Then he remembered, and came fully awake. Hunter. He forced his eyes open, thin slits against the throbbing pain. He was lying on his side on a concrete floor. A pair of boots walked away from him.

Frank tilted his head to see the rest of her. Tall. Dark hair. She had her back to him and was searching the pack that had been strapped to his snowmobile.

He glanced around. A small electric heater, placed out of his reach, blew warm air in his direction but with little effect. A water bottle lay nearby. Beyond that a generator and two snowmobiles--one of them his rental.

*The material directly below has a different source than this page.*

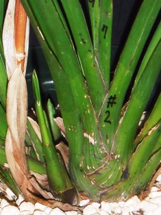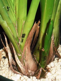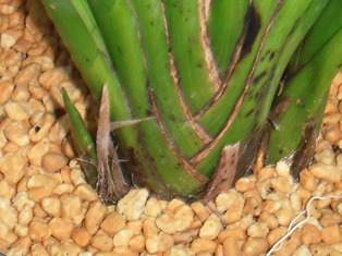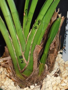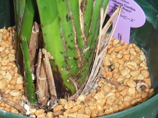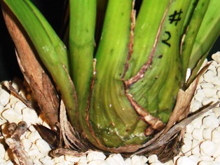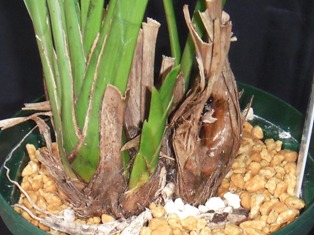 なお、これまで、バルブの両側から脇芽が出ても、「片側が枯れた時の保険」の意味も考えて残してきましたが、「株が小さくなる作落ち」の一因と思われるので、今年は「一律に最初の芽は残し、一つのバルブから2つめ以降の脇芽が出たら全て欠き取る」ことにしました。芽の基はいくつもあるので、最初の芽が運悪く枯れても次に芽が出るようです。

His eyes drifted back to Hunter.

She was watching him. Her face was stone. Expressionless. Blood dripped from a gash on her cheek. The front of her white snowsuit was spattered with it. She studied him in silence, her eyes boring into his, until Frank withered under her unrelenting glare and looked away.

"That was really dumb, Frank. You said you know who I am," Kat chided in an almost friendly voice.

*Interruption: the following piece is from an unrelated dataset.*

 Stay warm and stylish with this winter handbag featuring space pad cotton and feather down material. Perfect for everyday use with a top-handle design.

"Aw, Hunter, I had to try." Frank tested the bindings at his hands and feet. Shit.

"What am I going to do with you, Frank?" She stepped closer, looming over him, until he had to strain his neck painfully to see her face.

"Probably nothing I’m going to like," he managed.

"You may be surprised."

The chit chatty tone she was using was beginning to rattle Frank. His breathing picked up, and he started chewing on the inside of his cheek.

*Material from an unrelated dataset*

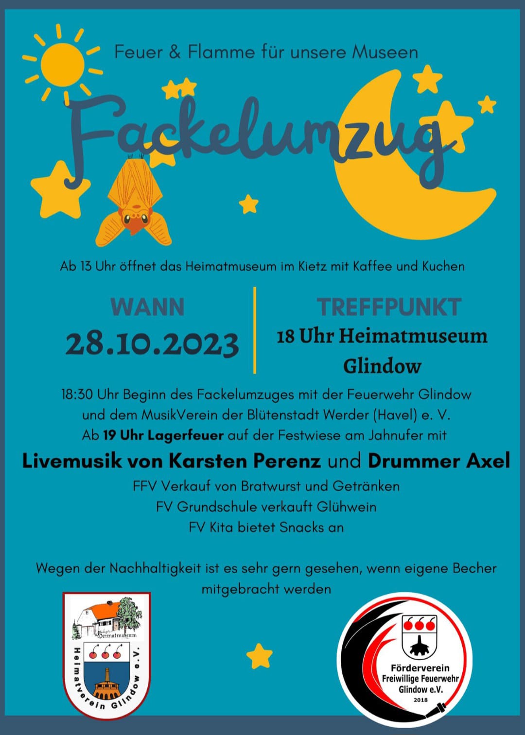 Am 28.10. beteiligt sich der Heimatverein wieder am Aktionstag "Feuer und Flamme für unsere Museen". Er lädt ein in das Heimatmuseum Glindow, im Kietz 3. Unterstützt wird der Heimatverein vom Förderverein Freiwillige Feuerwehr Glindow e. V. und der Freiwilligen Feuerwehr Glindow sowie den Fördervereinen der Grundschule Glindow und der KITA Regenbogen.

She leaned down until her face was only a foot from his. "Still think you can collect on the million, Frank?" he hissed. Her eyes were predatory. She bared her teeth in a savage smile.

He didn’t like that look at all.

Frank turned his head away from her. "Told you, I was just looking for the woman. She was the one who was after you. Not me. I don’t want to get in your business." He didn’t care about the money anymore, so he hoped it sounded like the truth.

She seemed to consider his answer. She paced around him for a long moment before speaking again.

"Frank, what do you think of Garner? Do you like working for him?" Her voice was gentle now, soothing.

Frank’s bushy eyebrows knitted together, and it took a moment for the question to register. Where is this going? "Well, he’s not a bad boss," he volunteered.

"What does he pay you? Enough for you to do what you want to do?"

Frank looked up at her. The wild expression was gone. She was calmly awaiting his answer. "The pay is okay. A grand a week, bonuses sometimes."

"Frank, this is your lucky day. I’m going to offer you a one-time-only incredible deal." She said it like she was offering him some grand prize on a game show.

The statement made him less afraid, and Frank was intrigued despite himself. Is she serious? He struggled to sit up but couldn’t manage with his hands and feet tied.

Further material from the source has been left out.